Boris Johnson’s controversial plan to send asylum seekers to Rwanda suffered a bitter blow Tuesday night after the first planned flight was grounded on the runway following a late intervention by European judges.

The Kigali-bound flight had originally been scheduled to take off with 130 asylum seekers on board Tuesday night, though numbers had dwindled rapidly as the date approached due to multiple lawsuits aimed at the U.K. government.

In farcical scenes, the flight ultimately failed to leave the runway at all, with individuals still being pulled from the plane one by one throughout Tuesday evening following an 11th-hour intervention by the European Court of Human Rights. Eventually, every asylum seeker on board was granted a reprieve, and the empty plane returned to its hangar.

U.K. Home Secretary Priti Patel said she was “disappointed” the flight had failed to depart and described the European body’s decision to intervene as “very surprising.”

“We will not be deterred,” Patel added. “Our legal team are reviewing every decision made and preparation for the next flight begins now.”

The flight was part of controversial U.K. government plans aimed at deterring asylum seekers from making the dangerous crossing over the English Channel in small boats.

Under the agreement signed with the Kigali government, the U.K. will send some undocumented migrants — judged by the prime minister to be “anyone who enters the U.K. illegally” — to Rwanda, where they will be given temporary accommodation and given the choice to either apply for asylum in the east African country or return to their origin country.

If accepted for asylum, they will be allowed to remain in Rwanda for five years, after which they can apply again.
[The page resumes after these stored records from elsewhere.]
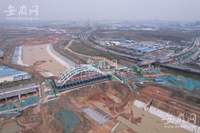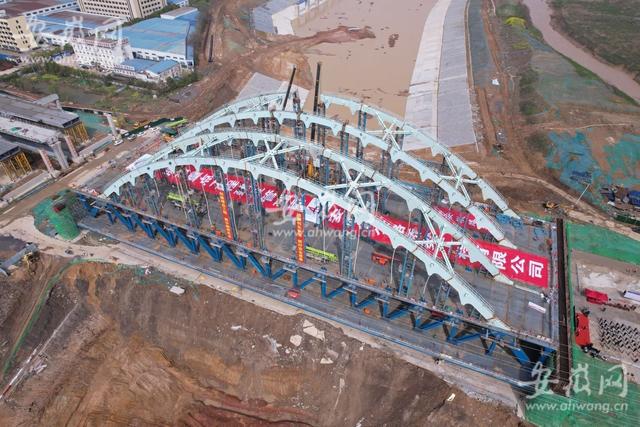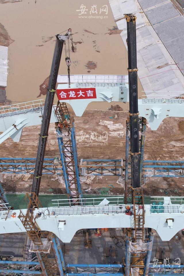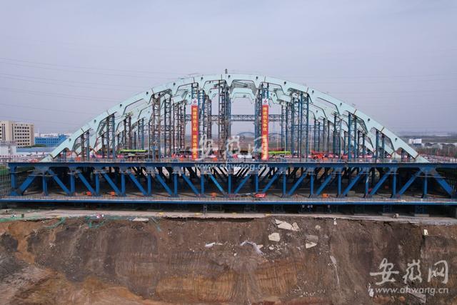 3月27日上午10點多,新安晚報、安徽網(wǎng)、大皖新聞記者在引江濟淮繁華大道橋工程現(xiàn)場看到,主橋拱肋經(jīng)過吊裝、固定、焊接等流程后,完成了合龍段的施工。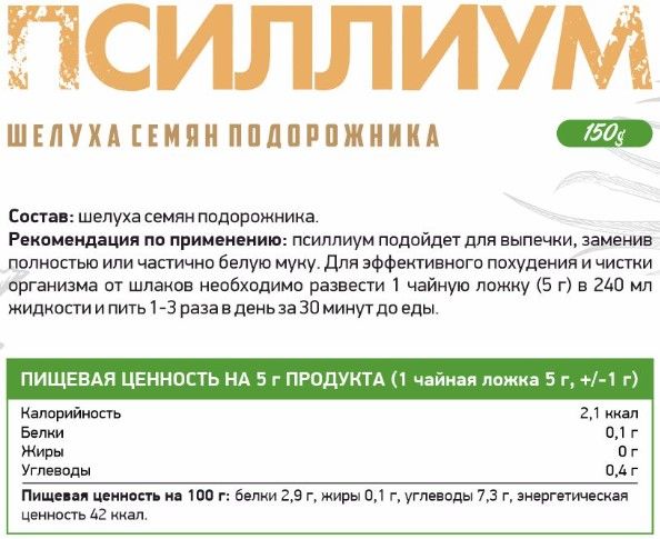 Псиллиум подойдет для выпечки, заменив полностью или частично белую муку. Для эффективного похудения и чистки организма от шлаков необходимо развести 1 чайную ложку (5 г) в 240 мл жидкости и пить 1-3 раза в день за 30 минут до еды.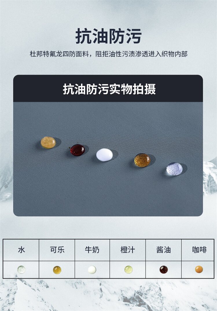Clothing craftsmanship Seamless docking,No iron treatment,Teflon waterproof and oil-proof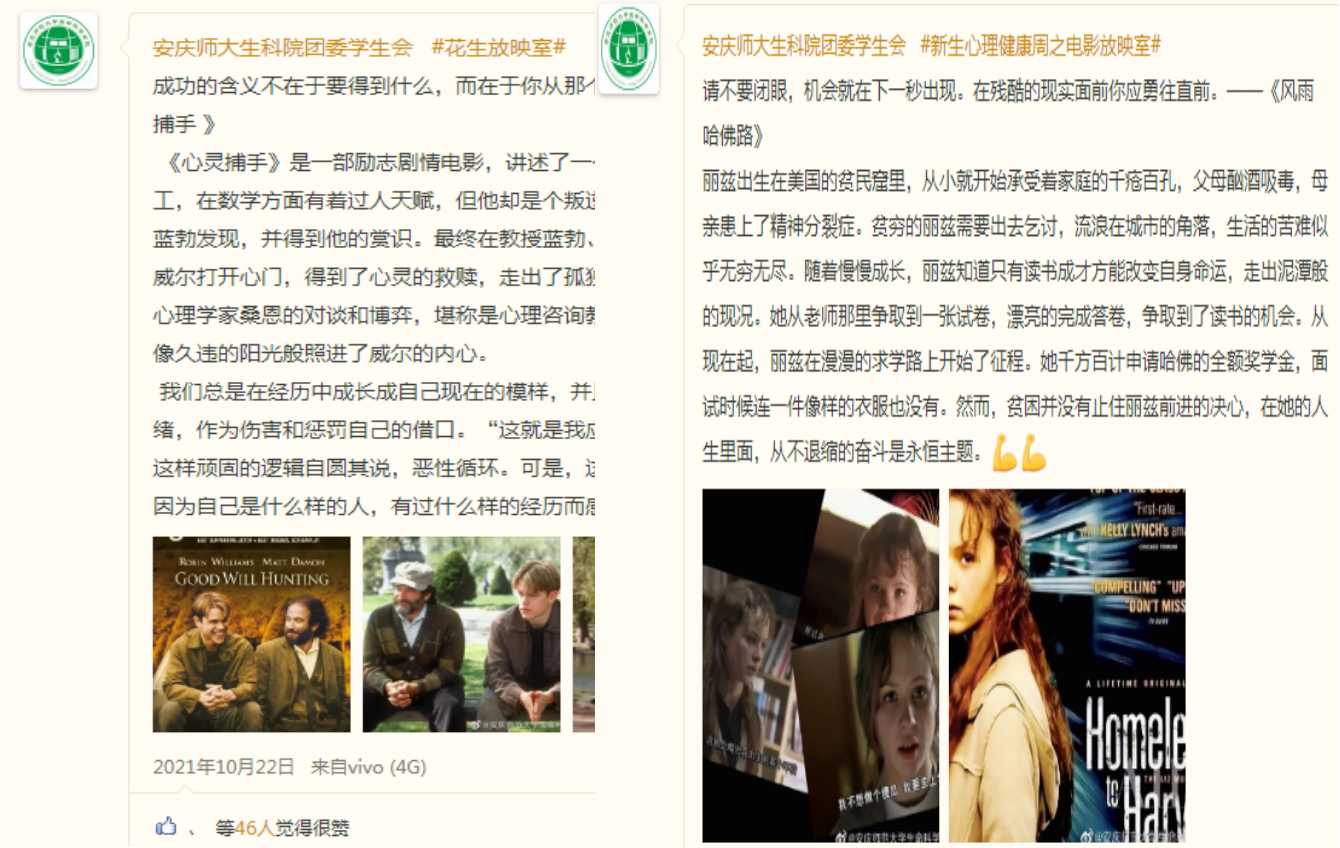 在心理健康周期间,谈球吧团委员工会官方QQ在活动期间每天推荐一部与心理健康相关的电影,分享的影片有《心灵捕手》、《心灵奇旅》、《风雨哈佛路》和《凯蒂和爷爷》等等。通过介绍影片内容,宣传心理健康知识。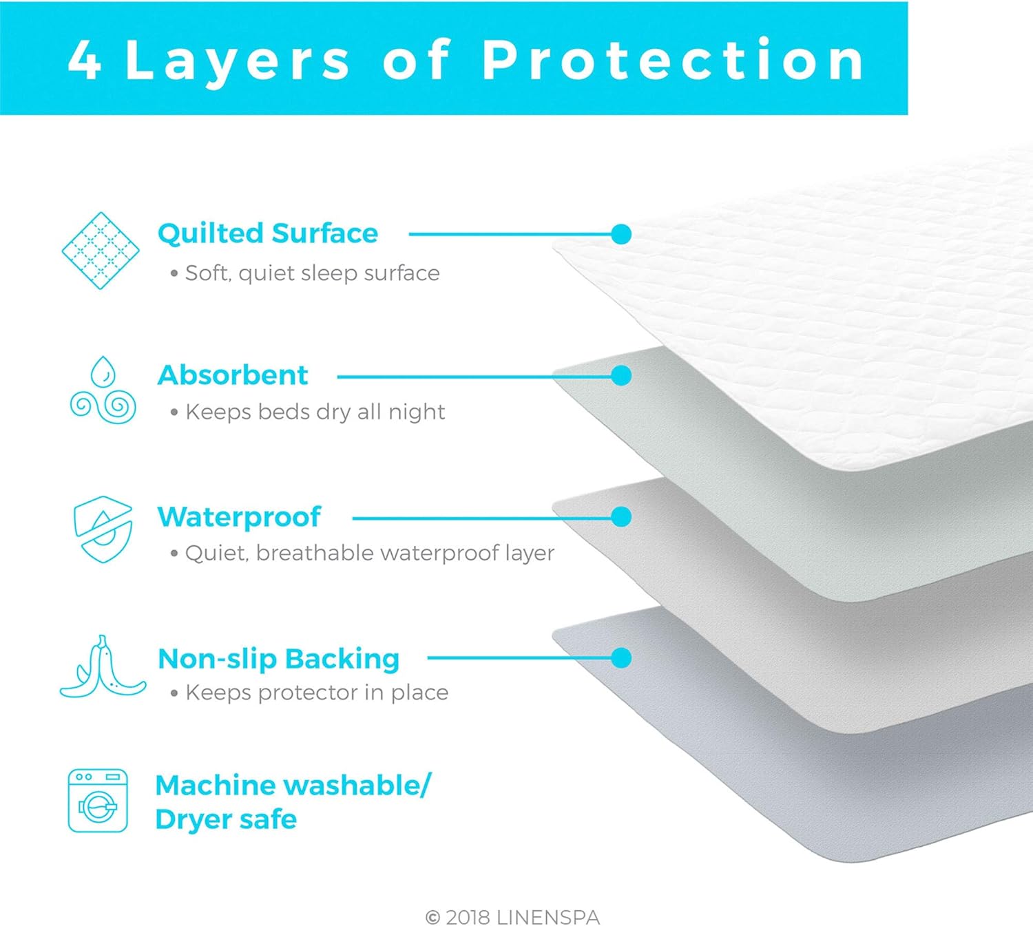 Crafted with a quilted cotton blend, the LINENSPA pad offers a plush and gentle feel underfoot. It's perfect for use with children or adults, ensuring a cozy sleep experience without the worry of leaks.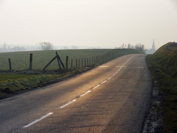 J’atteins Hornaing alors que le ciel rosit et poursuis ma route dans la fraicheur matinale, givrée par endroits.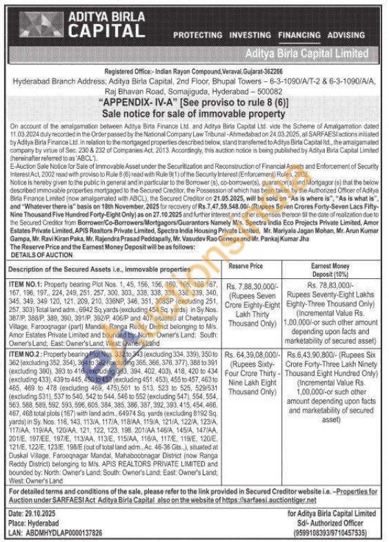 ITEM NO.2: Property bearing Plot Nos. 332 to 343 (excluding 334, 339), 350 to 362 (excluding 352.354), 364 to 382 (excluding 365, 366, 376, 377), 388 to 391 (excluding 380), 383 to 416 (excluding 393, 394, 402, 403), 418, 420 to 434 (excluding 433), 439 to 445, 450 to 453 (excluding 451,453), 455 to 457, 463 to 465, 469 to 478 (excluding 469, 475),501 10 513, 523 525, 529/531 (excluding 531), 537 to 540, 542 to 544, 546 to 552 (excluding 547), 554, 554, 563,588, 589,592,593,596,605,384,385, 386, 387,392,393,415,454,466. 467, 468 total plots (167) with land adm., 64974 Sq, yards (excluding 8192 Sq yards) in Sy. Nos: 116, 143, 113/A, 117/A, 118/ΑΑ, 119/A, 121/Α, 122/Α, 123/Α, 117/AA, 119/AA, 120/AA, 121, 122, 123, 198, 201 AA 146/A, 145/A, 147/AA, 201/Ε. 197/ΕΕ. 197/E, 113/AA. 113/E, 115/AA, 116/A, 117/E, 119/E. 120/E. 121/Ε. 122/E, 123/E 198/E (out of total land adm., Ac. 46-36 Gts.,), situated at Duskal Vilage, Farooqnagar Mandal, Mahaboobnagar District (now Ranga Reddy District) belonging to Mis. APIS REALTORS PRIVATE LIMITED and bounded by: North: Owner's Land, South: Owner's Land, East: Owner's Land, West: Owner's Land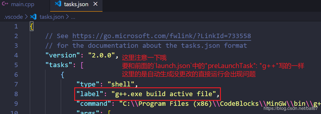注意:“label”那一行,要和前面的`launch.json`中的"preLaunchTask": "g++"这里写的一样,因为前面`launch.json`中的"preLaunchTask"里我改为了g++,所以这里我也改为g++,vscode默认的是`g++.exe build active file`【`launch.json`("preLaunchTask": "g++.exe build active file")和`tasks.json`("label": "g++.exe build active file"),都是默认的这个,当然无论是什么,只要保持一致就行】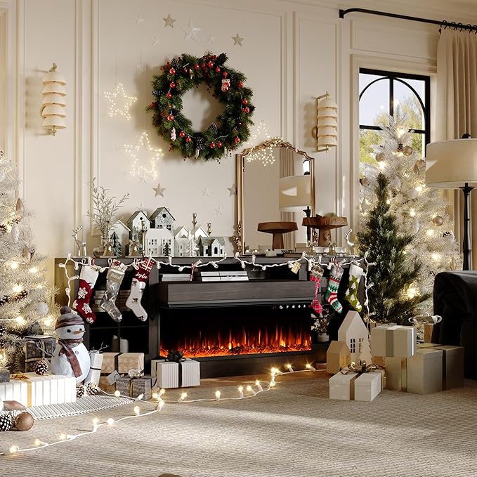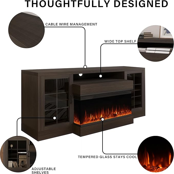 - 【Protruding Design】:The middle part is suitable for 30” fireplace. If you don't want to place a fireplace, this is an excellent location for storing wine, books, and potted plants. Rich storage space to meet your diverse needs.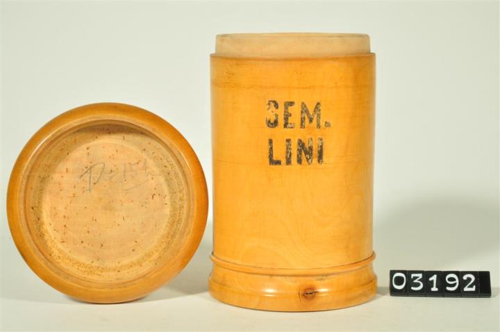 Hellbraune, zylinderförmige Holzdose (Holzbüchse) mit abgesetztem Standfuß bestehend aus Halbrundstab, Kehlung und geradem Abschluss. Flacher Stülpdeckel mit gerundetem Deckelrand und darüber zwei Kehlungen. Schwarz signiert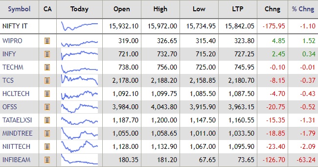IT stocks were trading weak during mid-afternoon trade deals on Friday, with Infibeam Avenues shares plunging 66% on the NSE.

There is no path to return to the U.K. legally.

The plans have divided public opinion within the U.K. and faced intense opposition on ethical, financial and practical grounds — most notably from the Church of England leadership and Prince Charles.

Human rights lawyers and protesters have been fighting legal battles for weeks to prevent the first scheduled flight from taking off. Their efforts had appeared to be in vain following a series of legal defeats, however, with the U.K.’s Supreme Court ruling Tuesday that the flight could go ahead.

But the last-minute intervention from the European judges proved key in reversing that decision.

In a statement several hours before the plane’s departure time, the ECHR said it had granted an “urgent interim measure” to one of the asylum seekers to remove him from the flight. The remaining six passengers were subsequently taken off the plane following similar injunctions.

The dramatic intervention is likely to provide further ammunition to Johnson’s highly-politicized attacks on European judges. Earlier Tuesday, he had already hinted he would consider taking the U.K. out of the European Convention on Human Rights as a result of the current standoff.

Johnson told broadcasters that “it may very well be necessary to change some laws” when pressed on whether Britain would consider withdrawing from the human rights body.

“The legal world is very good at picking up ways of trying to stop the government from upholding what we think is a sensible law,” Johnson said.